My first (and last) winter home, it was an unlikely 80º. I drove home with my windows down but music off. I didn’t want to get a noise complaint in the HOA Facebook group. Before curfew, I went careening around the traffic calming circle by myself. It just wasn’t the same.
10.
Out of necessity, I cook more than I bake now. I’m making a corn salad. It’s too hot to eat anything other than a salad, and I may be twenty, but I still don’t like most leafy greens. I’m juicing a lemon because the grocery store was out of limes. There’s something cathartic about squeezing a lemon, the sick satisfaction of feeling it give in, the hollowed out corpse of a fruit when it’s finished.
There’s satisfaction too in the way the sourness of it seeps into my skin through every tiny open cut. After we stopped knowing each other, I developed eczema on the knuckles of the third and fourth fingers of my right hand. It flares up in the summer because I’m allergic to grass and pollen and trees and all the good things that grow. The lemon juice coats every irritated bump, and it stings.

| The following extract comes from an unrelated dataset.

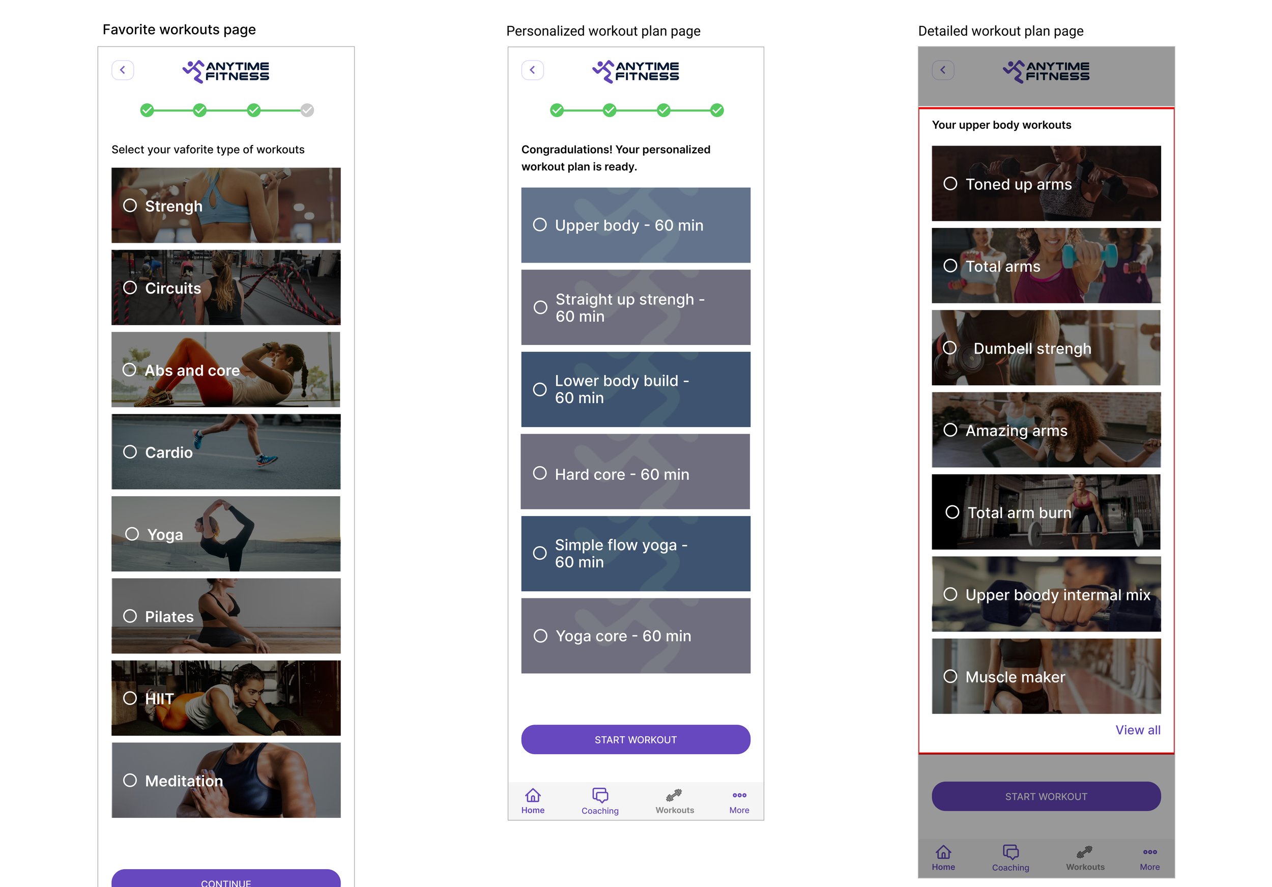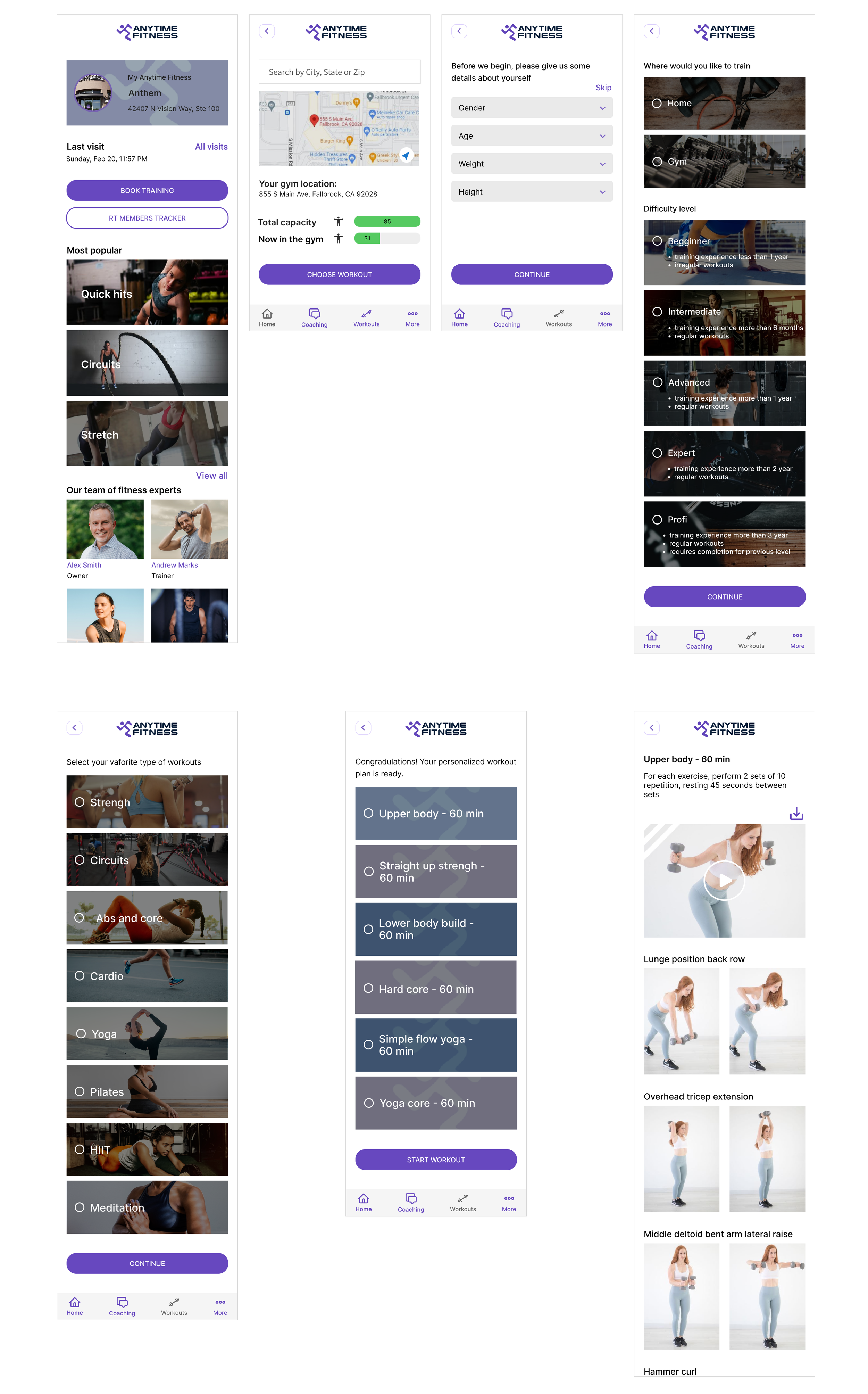 Using the Anytime Fitness UI Kit, I completed high-fidelity wireframes. I created the original Anytime Fitness screens leading up to the new feature and the feature screens. It is important for the users to track how many people are in the gym in real-time to choose the most convenient time for their workouts. Also, using a personalized workout plan would help determine the most appropriate activity for users.

I’m allergic to everything but dust. I can’t help but feel like that says something about me.
11.
At this age, joy feels so hard to come by. I wish I could turn twenty-five already, brain magically fully developed. I’ve made so many stupid choices because I’m still searching for the joy of being seventeen.
12.
When you grow up religious, everything has a deeper meaning. Every good thing is a blessing and every bad thing is a punishment and when it isn’t always clear (and it never really is) you question everything. Like why were you there that day? Why did we meet? Were you sent to punish me? Or are you a tribulation that I’m still struggling to overcome?
Are we all just humans who are meant to hurt other humans? Were we ever meant to be forgiven? Was I ever meant to forgive?
13.
In the worst of the heat, I want to zest my skin off in spirals. I want to bite into myself and taste sour flesh.
14.
I’m carrying a pint of lemonade on the way to your house. It’s raining because of course it is. I’m twenty and still afraid of thunderstorms. I pass by the street corner where I had a panic attack because you held my hand. Because I’m so guilty all the time for you.

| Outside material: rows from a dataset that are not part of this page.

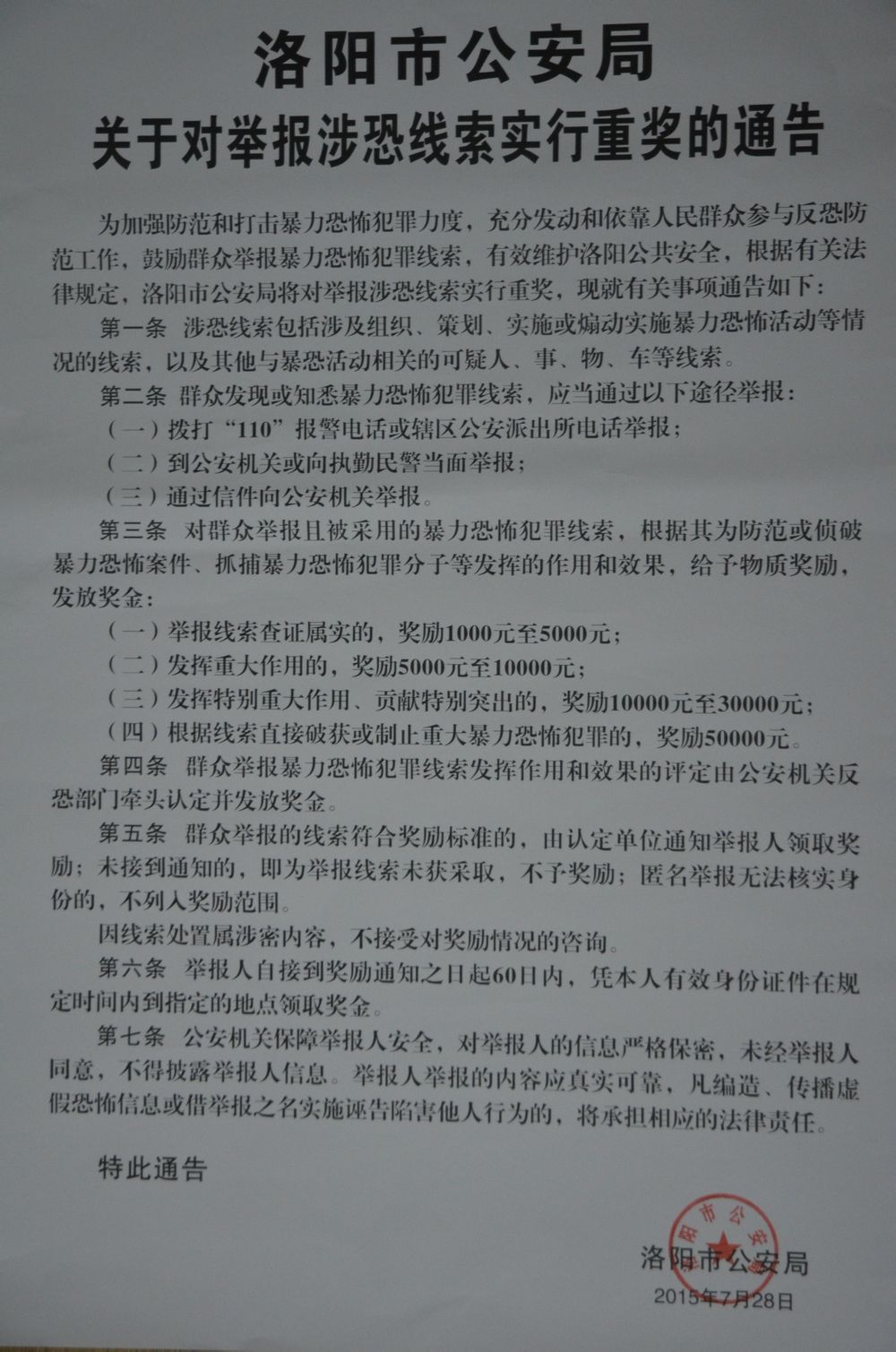 洛阳市公安局关于对举报涉恐线索实行重奖的通告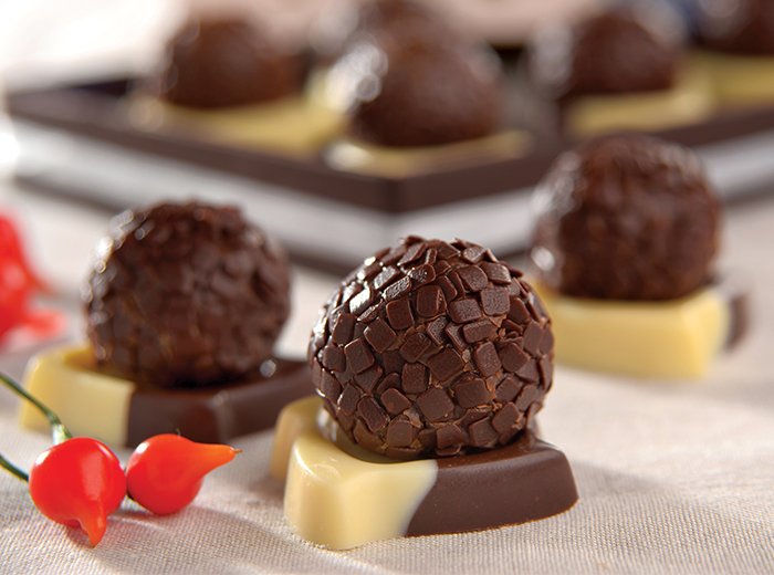 Montagem: unte as mãos com um pouco de manteiga e abra uma porção de brigadeiro em uma das palmas. Disponha uma pimenta no centro do brigadeiro e feche-o de modo a envolver toda a pimenta. Passe o brigadeiro recheado no granulè e pingue uma gotinha do chocolate temperado na plaquinha para colar o brigadeiro.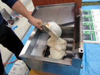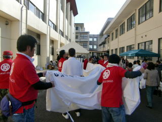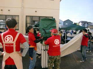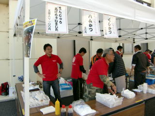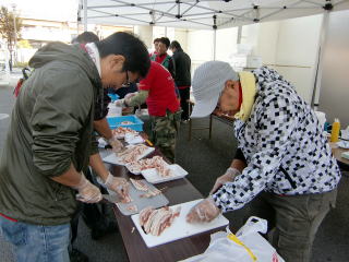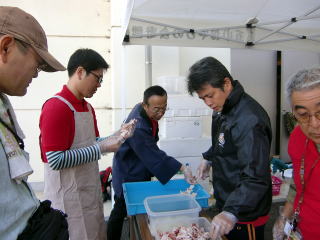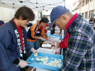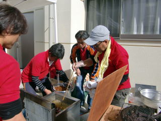 | 11月4日(日)秋晴れのおだやかなな天候に恵まれ、五中バザー&コミュニティ祭が行われました。 第五おやじの会では、昨年よりここで揚げ物屋を開いています。! 今年のメニューは、串かつとハムかつとあげまんじゅうです。 早朝より、テント設営と下準備に大忙しでした。 肉を切る人、玉ねぎを切る人、串にさす人、衣を付ける人、フライヤーで揚げる人・・・ 手際の良さには、定評があります。メンバーは、自分の役割を探して、自分で動きます。 手作り、あつあつの商品は、美味しいと好評でした。 皆さんのおかげで、串かつ230本、ハムかつ130枚、あげまんじゅう100カップ すべて完売しました。ありがとうございました。また来年、どんなオリジナルメニューが出るのか お楽しみに〜〜。 |

After you, in my first session with a new therapist, I say that I am angry. She says anger isn’t a real emotion. I wish I could tell her that I’m not feeling angry; I am angry. Like flood angry. Like plague angry. Like punishment angry.
Like I could be the lemon juice that stings your cuts. Like I could be the lemon seed you choke on. Like I could be the salty lemonade you’d spit out.
15.
I used to chew on lemon rinds when I was stressed, steal scraps from my mother’s chopping board until my jaw was sore from the waxy, bitter cellulose. “Bitterness is a term people use to dismiss those of us who are angry.”2 Since the second time I got COVID, I haven’t been able to taste bitter things at all.
16.
Maybe anger is an acquired taste. It only becomes you when you reach a certain age, like when you’re too old for the suburbs and learn you’ll never go back home. Sour, too, is acquired. Like how I craved it after I got my first period in another sticky summer, years ago. Like how I crave it every time since then. These are just milestones of growing up.
It’s always the boys you date at nineteen, say women on social media. Like you’re another milestone.
17.
I think if I see one more person from my hometown getting engaged, I’ll throw my phone through my window. I’m still a child, trying to finish a pint of diet lemonade, watching teen TV shows and missing a time when I believed any kind of love was in my destiny. I feel both older and younger than I should be.
18.
The girl who choked down her glass of salty lemonade is probably in her twenties now too. She might be in grad school now. She might be lying on a beach. She might’ve gotten her heart broken, once or twice or a dozen times. Maybe she had a life-defining relationship in high school. Maybe she dated someone at nineteen, too.
I wonder if she’d still be labeled polite. I wonder if she ever learned to be honest. I wonder if she wields both like weapons or if they sit in her closet like old scarves.
It doesn’t really matter though. I just hope that the lemonade she drinks now is sweet.